[GIVEN DATA]

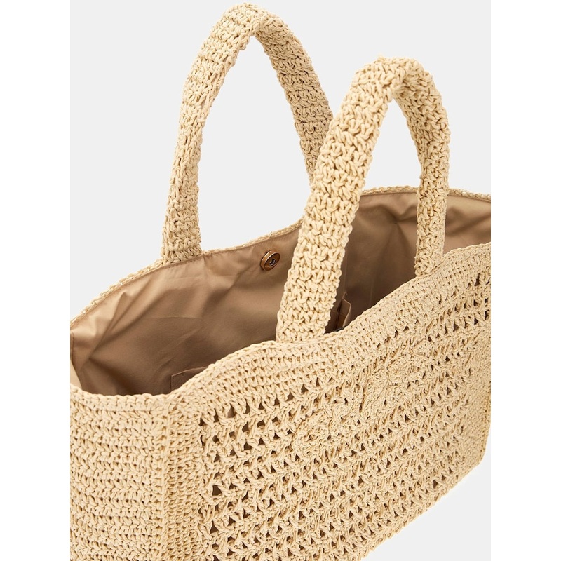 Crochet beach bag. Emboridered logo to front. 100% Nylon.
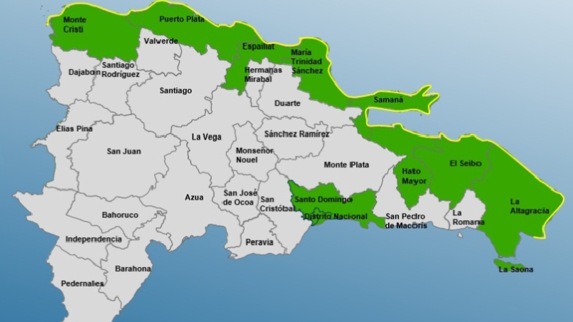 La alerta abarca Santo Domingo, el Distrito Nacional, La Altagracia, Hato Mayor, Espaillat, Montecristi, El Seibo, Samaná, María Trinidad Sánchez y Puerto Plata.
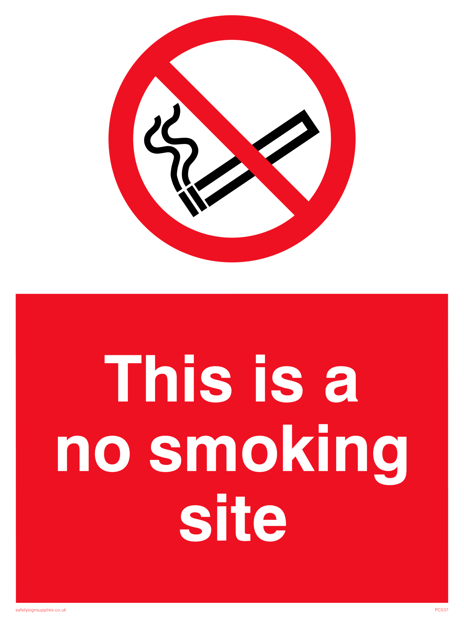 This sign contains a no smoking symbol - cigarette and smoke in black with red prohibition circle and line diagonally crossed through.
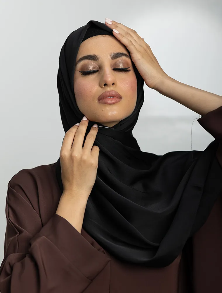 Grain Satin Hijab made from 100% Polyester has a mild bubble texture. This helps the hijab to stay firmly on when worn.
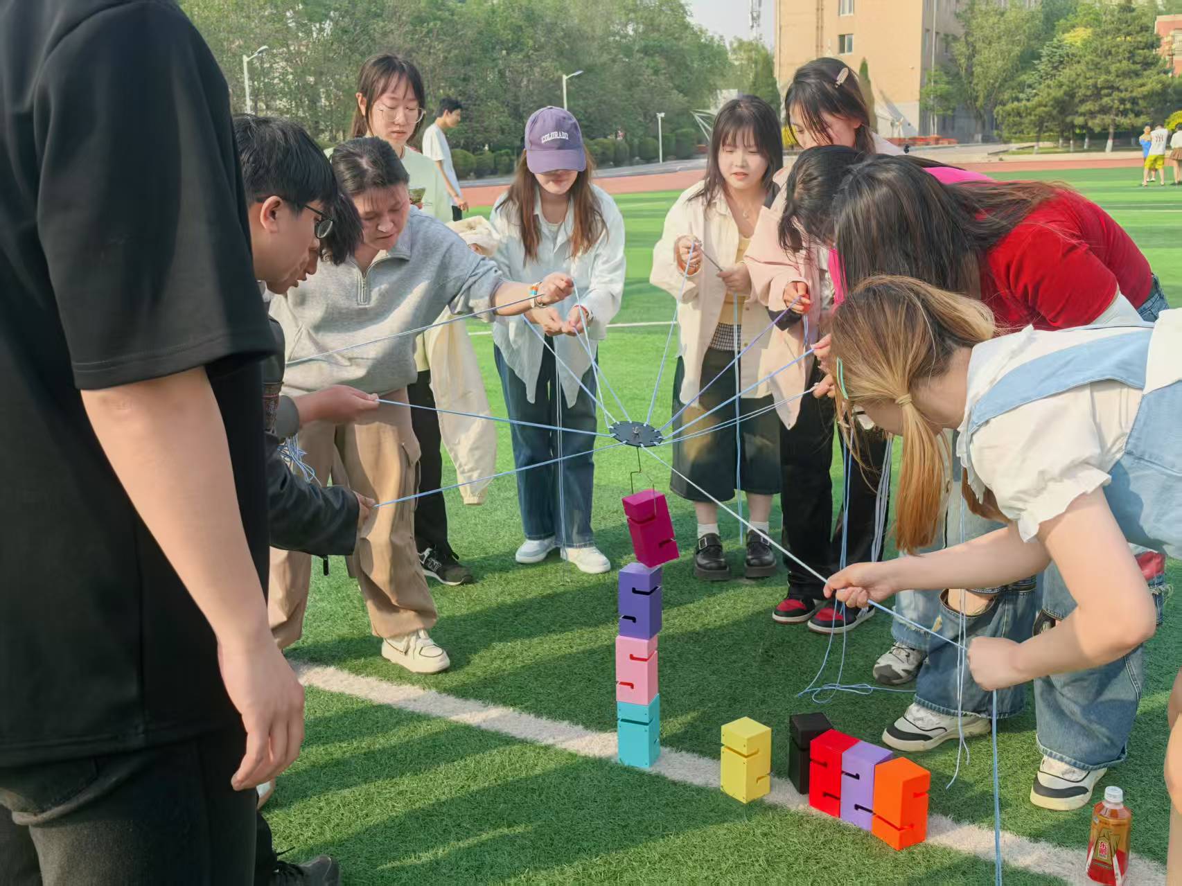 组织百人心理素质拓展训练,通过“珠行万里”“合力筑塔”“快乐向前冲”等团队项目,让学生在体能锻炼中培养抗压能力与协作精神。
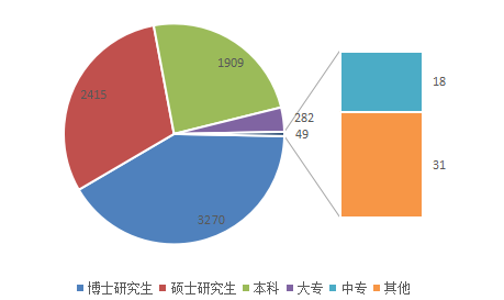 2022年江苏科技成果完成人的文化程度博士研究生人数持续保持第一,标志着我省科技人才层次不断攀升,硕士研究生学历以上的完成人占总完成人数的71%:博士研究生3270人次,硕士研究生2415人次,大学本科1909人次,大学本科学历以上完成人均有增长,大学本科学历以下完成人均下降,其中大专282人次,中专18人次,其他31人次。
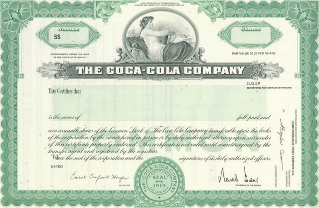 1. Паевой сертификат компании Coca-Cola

[/GIVEN DATA]

**THE TASK**.
Each line above must be repeated exactly in the answer, with pictures omitted.

**RESPONSE TO THE TASK**.
 Crochet beach bag. Emboridered logo to front. 100% Nylon.
 La alerta abarca Santo Domingo, el Distrito Nacional, La Altagracia, Hato Mayor, Espaillat, Montecristi, El Seibo, Samaná, María Trinidad Sánchez y Puerto Plata.
 This sign contains a no smoking symbol - cigarette and smoke in black with red prohibition circle and line diagonally crossed through.
 Grain Satin Hijab made from 100% Polyester has a mild bubble texture. This helps the hijab to stay firmly on when worn.
 组织百人心理素质拓展训练,通过“珠行万里”“合力筑塔”“快乐向前冲”等团队项目,让学生在体能锻炼中培养抗压能力与协作精神。
 2022年江苏科技成果完成人的文化程度博士研究生人数持续保持第一,标志着我省科技人才层次不断攀升,硕士研究生学历以上的完成人占总完成人数的71%:博士研究生3270人次,硕士研究生2415人次,大学本科1909人次,大学本科学历以上完成人均有增长,大学本科学历以下完成人均下降,其中大专282人次,中专18人次,其他31人次。
 1. Паевой сертификат компании Coca-Cola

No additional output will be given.